Below are some records. Write out exactly their lines from the one with "ハンドルバーバッグとパニアバ" through the one with "King William III", and leave the pictures behind.

SOURCE MATERIAL:
—————

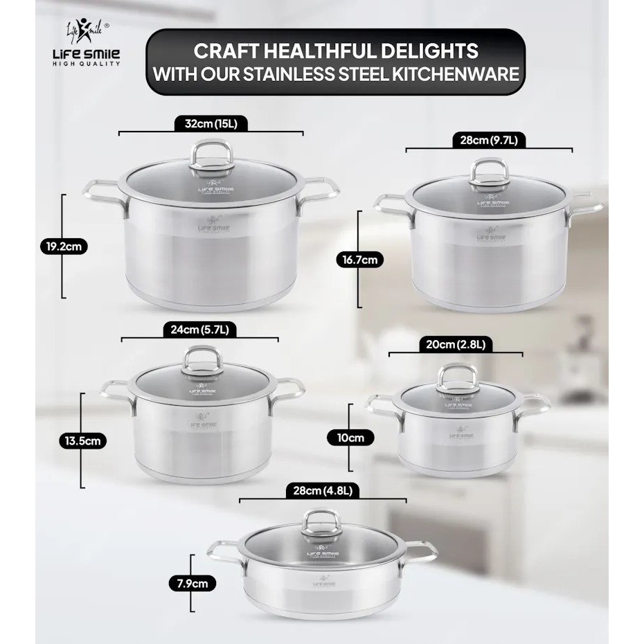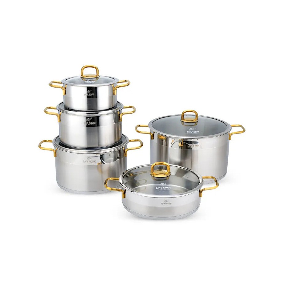 سرویس قابلمه استیل لایف اسمایل مدل Lifep12 شامل 10 پارچه - Lifesmile Steel Cookware Set Lifep12 10
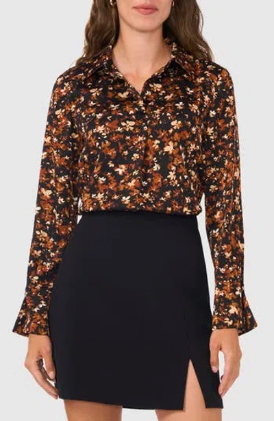 ® Split Cuff Button-up Top In Rich Black Print
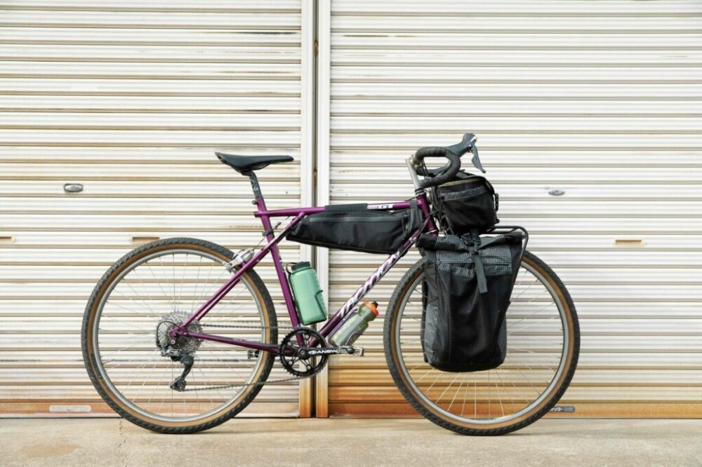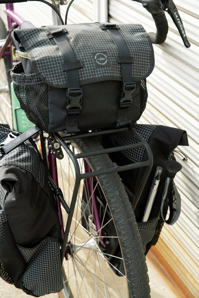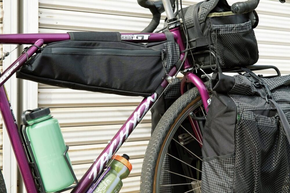 ハンドルバーバッグとパニアバッグに加え、フレームバッグも使用している。この積載量でもウルトラライトのアイテムなら1〜2泊程度のキャンプが可能だ。
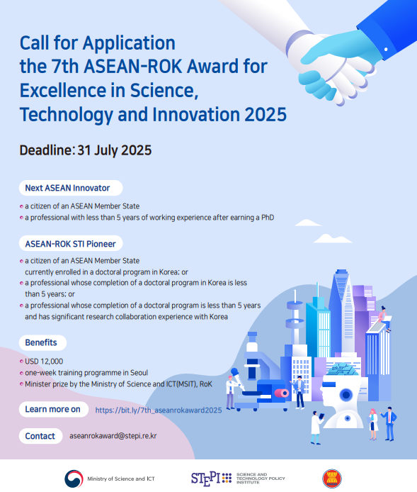 Each awardee will receive a certificate from the Minister of Science and ICT of the Republic of Korea, a cash prize of USD 12,000, and an invitation to the ASEAN-ROK STI Training Program, which includes full coverage of travel and accommodation expenses. Applications must be submitted by email no later than Thursday, July 31, 2025. For detailed guidelines and application forms, please refer to the official link at https://bit.ly/7th_aseanrokaward2025. For inquiries or to submit your application, please contact aseanrokaward@stepi.re.kr.
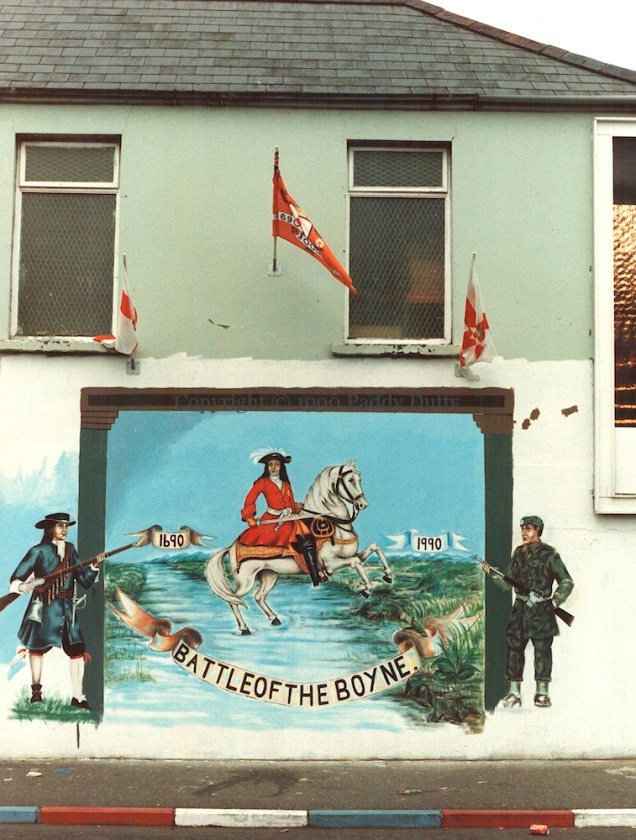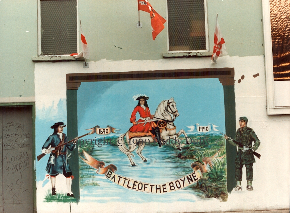 King William III is flanked by foot soldiers from 1690 and 1990. A small painted sign to the right reads, “We the people of Sandy Row remember with pride the 300th anniversary of the Battle of the Boyne. No surrender. Signed, UFF.”
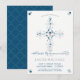 Diese 4,5" x 6,25" Einladungskarte der Ersten Heiligen Kommunion enthält einen grauen Kalice und Wafer (heilige Kommunion), umgeben von einem verzierten Kreuz und den Worten "Erste Kommunion", die in einem eleganten Schriftart geschrieben sind. Ideal für den besonderen religiösen Anlass Ihres Jungen, kann es nach Ihren Wünschen mit dem Namen und den Veranstaltungsinformationen Ihres Kindes angepasst werden.
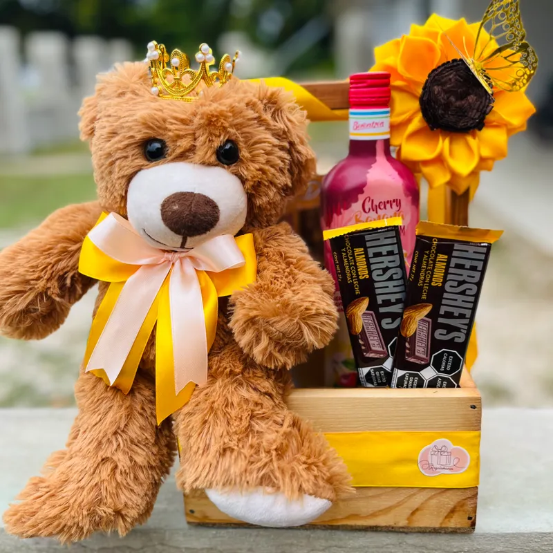 Cesta variada decorada con peluche, set de crema y colonia, bebida (crema) y 2 barras de chocolate Hersheys

—————

FINAL ANSWER:
 ハンドルバーバッグとパニアバッグに加え、フレームバッグも使用している。この積載量でもウルトラライトのアイテムなら1〜2泊程度のキャンプが可能だ。
 Each awardee will receive a certificate from the Minister of Science and ICT of the Republic of Korea, a cash prize of USD 12,000, and an invitation to the ASEAN-ROK STI Training Program, which includes full coverage of travel and accommodation expenses. Applications must be submitted by email no later than Thursday, July 31, 2025. For detailed guidelines and application forms, please refer to the official link at https://bit.ly/7th_aseanrokaward2025. For inquiries or to submit your application, please contact aseanrokaward@stepi.re.kr.
 King William III is flanked by foot soldiers from 1690 and 1990. A small painted sign to the right reads, “We the people of Sandy Row remember with pride the 300th anniversary of the Battle of the Boyne. No surrender. Signed, UFF.”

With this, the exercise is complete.